You can find the other SPARK version [here](https://search.maven.org/search?q=bigdl-dllib), such as `spark_3.1.2`.


SBT developers can use
```sbt
libraryDependencies += "com.intel.analytics.bigdl" % "bigdl-dllib-spark_2.4.6" % "2.0.0"
```

##### **2.1.2 Nightly Build**

Currently, BigDL nightly build is hosted on [SonaType](https://oss.sonatype.org/content/groups/public/com/intel/analytics/bigdl/).
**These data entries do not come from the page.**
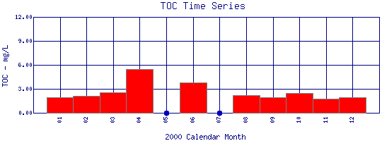 Total Organic Carbon Time Series for 2000 Como Creek where it enters Lakewood Res. |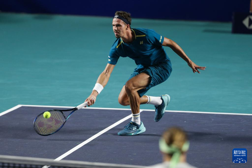 2月27日,德国选手兹韦列夫在比赛中回球。新华社发(弗朗西斯科·卡涅多摄)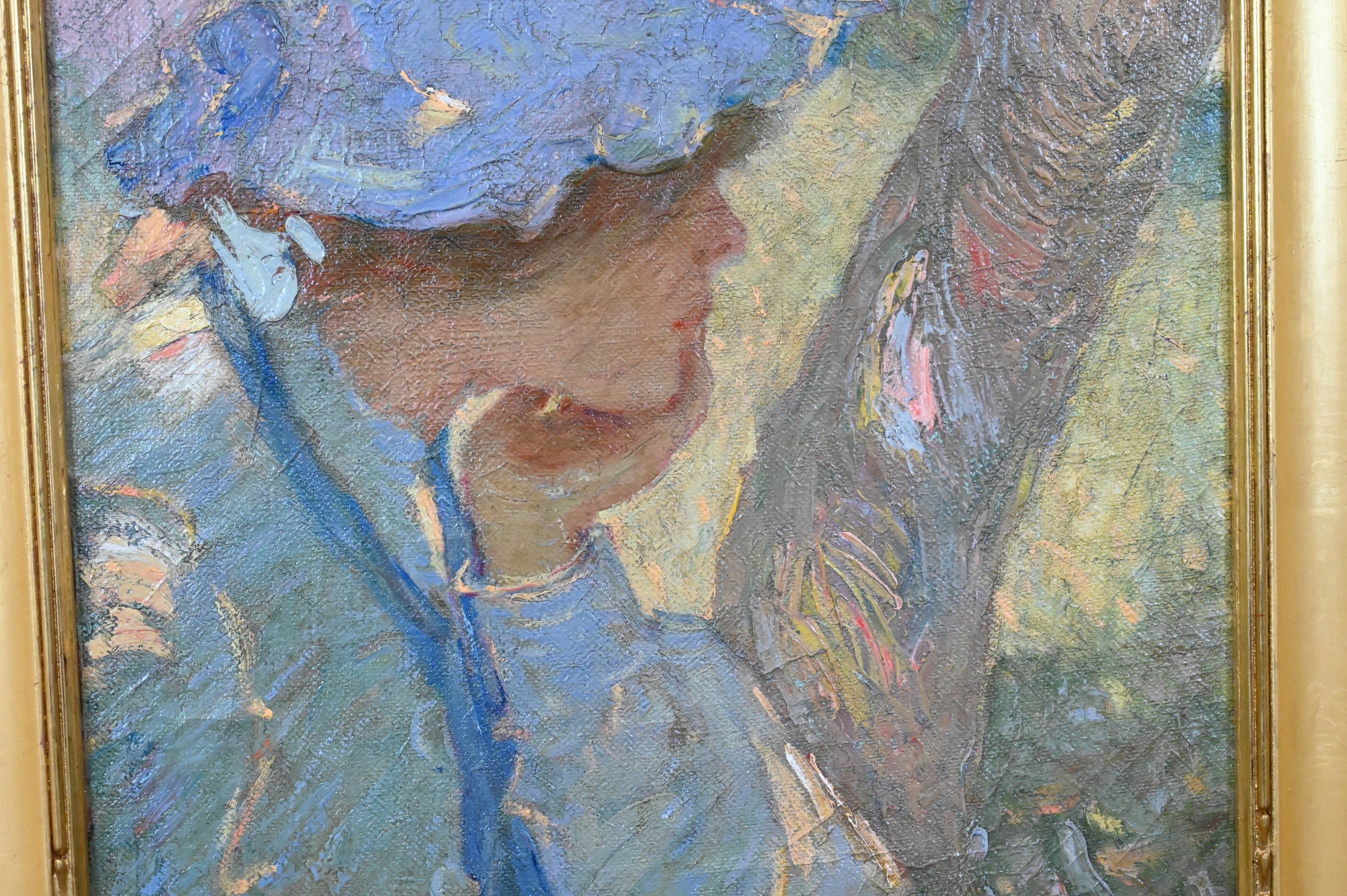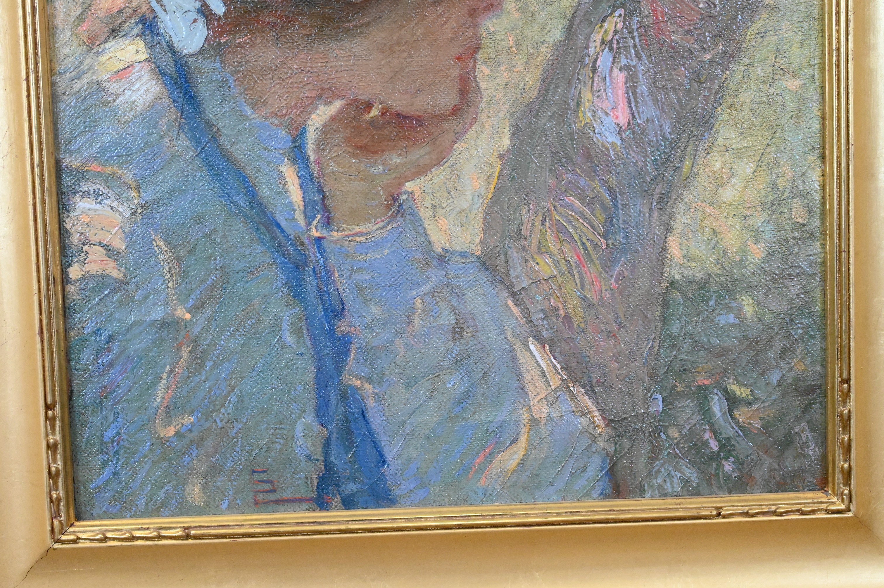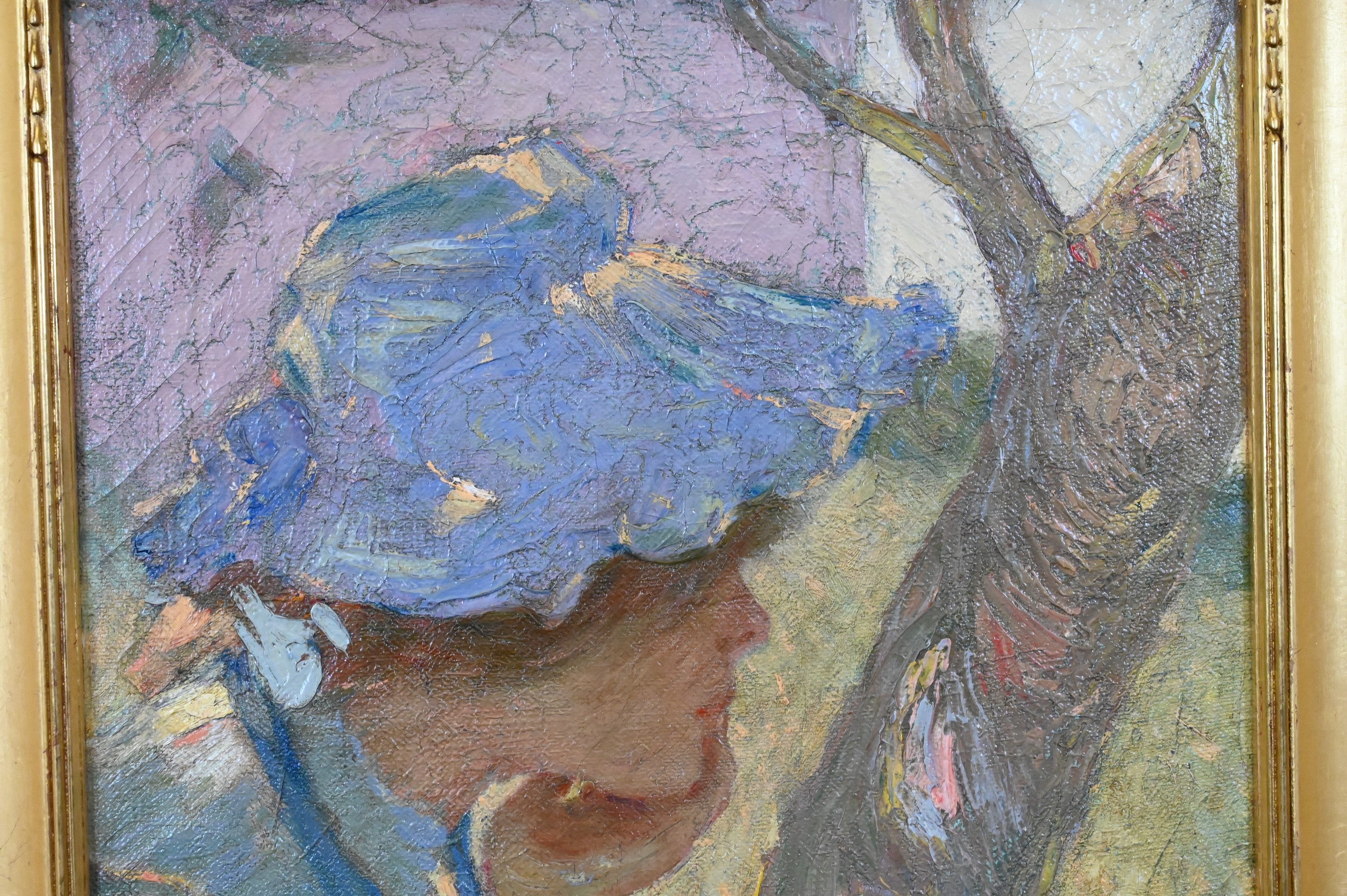 Vibrant Impressionist portrait of a woman in a broad blue sunhat, captured in profile beside a tree in a sunlit outdoor setting, painted with broken impasto and shimmering color, the work displays layered strokes of blue, violet, and rose against a soft green background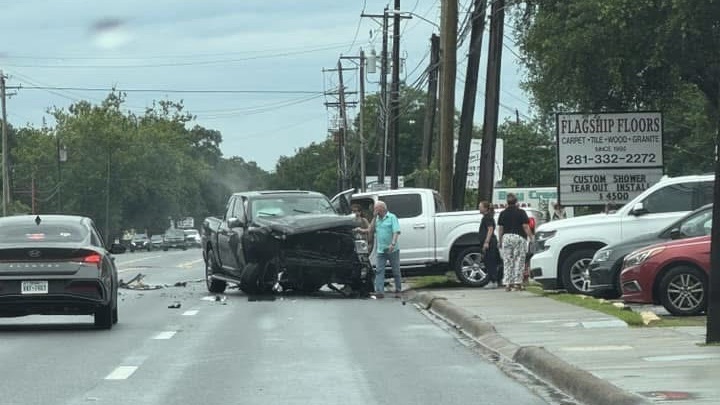 According to League City Police, the crash occurred around 12:55 p.m. when a white Ford F-150 traveling eastbound veered into oncoming traffic and collided with a black Dodge Ram heading westbound.

To link your application with the latest BigDL nightly build, you should add some dependencies like [official releases](#11-official-release), but change `2.0.0` to the snapshot version (such as 0.14.0-snapshot), and add below repository to your pom.xml.


```xml
<repository>
    <id>sonatype</id>
    <name>sonatype repository</name>
    <url>https://oss.sonatype.org/content/groups/public/</url>
    <releases>
        <enabled>true</enabled>
    </releases>
    <snapshots>
        <enabled>true</enabled>
    </snapshots>
</repository>
```

SBT developers can use
```sbt
resolvers += "ossrh repository" at "https://oss.sonatype.org/content/repositories/snapshots/"
```


#### **2.2 Build a Scala project**
To enable BigDL in project, you should add BigDL to your project's dependencies using maven or sbt. Here is a [simple MLP example](https://github.com/intel-analytics/zoo-tutorials/tree/master/scala/SimpleMlp) to show you how to use BigDL to build your own deep learning project using maven or sbt, and how to run the simple example in IDEA and spark-submit.